------ Data under study
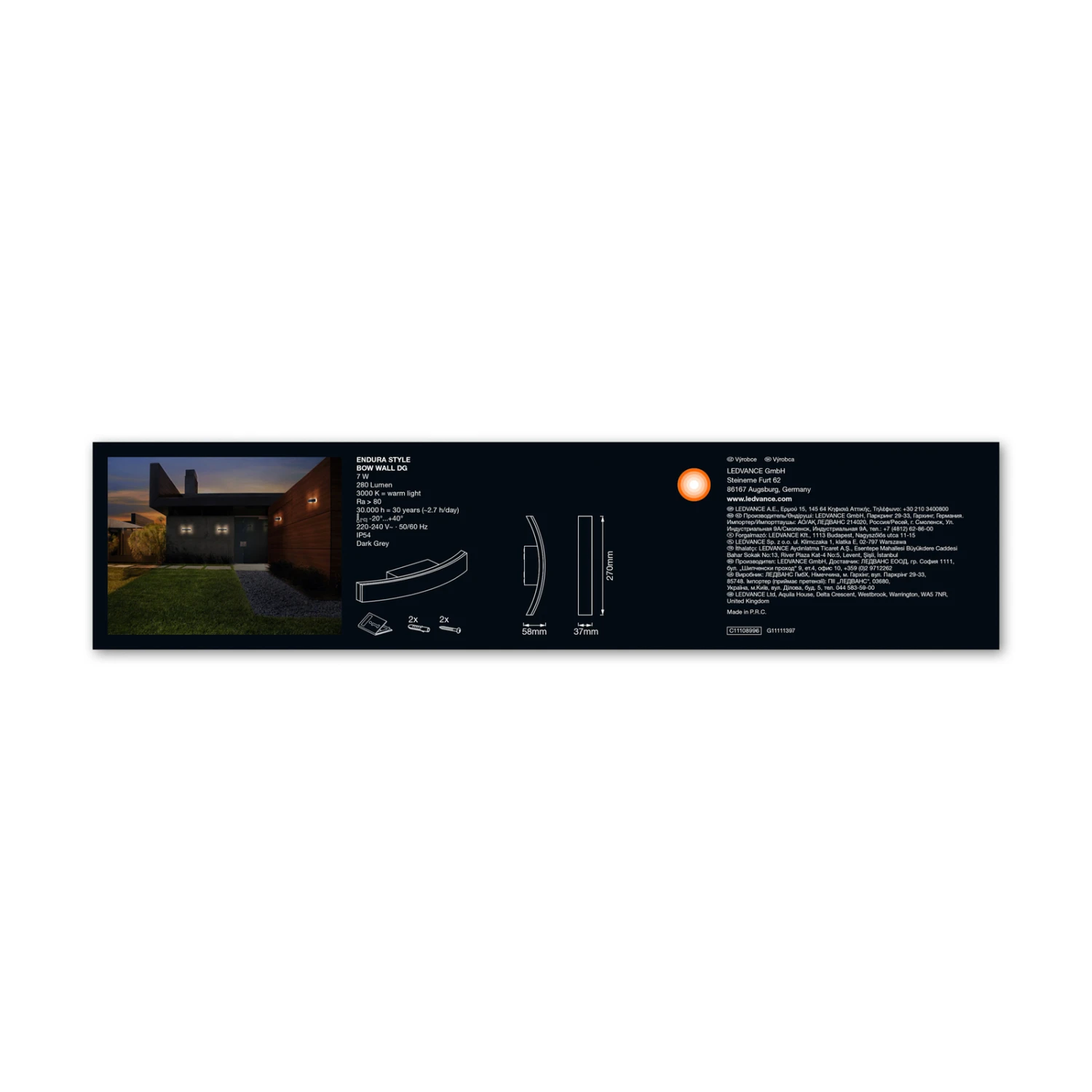 Mit der LED-Außenwandleuchte Endura Style Bow können hervorragend Fassaden angestrahlt, Eingangsbereiche erhellt oder Balkone und Terrassen beleuchtet werden. Das dunkelgraue Gehäuse aus Aluminium wirkt mit seiner leichten Bogenform sehr mondän und elegant. Ausgestattet mit warmweißen LEDs ist die Endura Style Bow gerade für Gebäude im modernen Stil eine passende Lichtquelle für den Außenbereich. Das Äußere der LED-Leuchte ist zudem sehr robust verarbeitet, so dass weder Faustschläge noch Hammerschläge mit einem Gewicht von bis zu 500 Gramm die Leuchte beschädigen können. Zudem hält die Außenwandleuchte auch Umgebungstemperaturen zwischen -20° und 40° C mühelos stand.
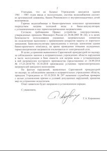 В пришедшем на днях ответе сообщается, что администрацией ФКУ ЛИУ-3 УФСИН России по Саратовской области достигнута договорённость о пополнении библиотечного фонда в 2018 году за счёт пожертвований Русской Православной Церкви, а в банных ёмкостях для нагрева воды установлены термоэлектрические нагреватели заводского производства взамен кустарно изготовленных. Кроме того, по фактам выявленных нарушений назначена служебная проверка.
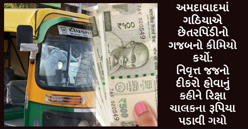 અમદાવાદમાં ગઠિયાએ છેતરપિંડીનો ગજબનો કીમિયો કર્યો: નિવૃત્ત જજનો દીકરો હોવાનું કહીને રિક્ષા ચાલકના રૂપિયા પડાવી ગયો
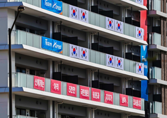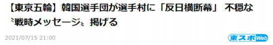 《东京体育》:韩国代表团在选手村张贴“反日横幅”,写着引发不安的“战争时期的信息”
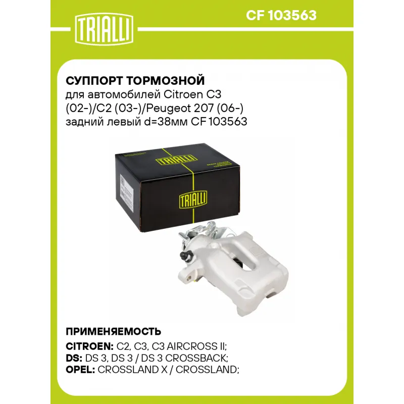 | Сопутствующий товар: Суппорт тормозной | CF 103564 |
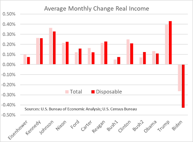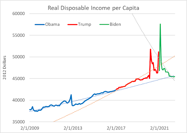 Admittedly some distortion due to pandemic but given Biden's continued use of arbitrary baselines when making comparisons I couldn't help but show the raw data. With inflation raging and economy slowing we are seeing a decline in real incomes, both total and disposable.
------------
### Aim of the exercise
Extract only the lines from the one that contains "В пришедшем на" through the end of the records, inclusive, and omit every picture.

### Your solution
 В пришедшем на днях ответе сообщается, что администрацией ФКУ ЛИУ-3 УФСИН России по Саратовской области достигнута договорённость о пополнении библиотечного фонда в 2018 году за счёт пожертвований Русской Православной Церкви, а в банных ёмкостях для нагрева воды установлены термоэлектрические нагреватели заводского производства взамен кустарно изготовленных. Кроме того, по фактам выявленных нарушений назначена служебная проверка.
 અમદાવાદમાં ગઠિયાએ છેતરપિંડીનો ગજબનો કીમિયો કર્યો: નિવૃત્ત જજનો દીકરો હોવાનું કહીને રિક્ષા ચાલકના રૂપિયા પડાવી ગયો
 《东京体育》:韩国代表团在选手村张贴“反日横幅”,写着引发不安的“战争时期的信息”
 | Сопутствующий товар: Суппорт тормозной | CF 103564 |
 Admittedly some distortion due to pandemic but given Biden's continued use of arbitrary baselines when making comparisons I couldn't help but show the raw data. With inflation raging and economy slowing we are seeing a decline in real incomes, both total and disposable.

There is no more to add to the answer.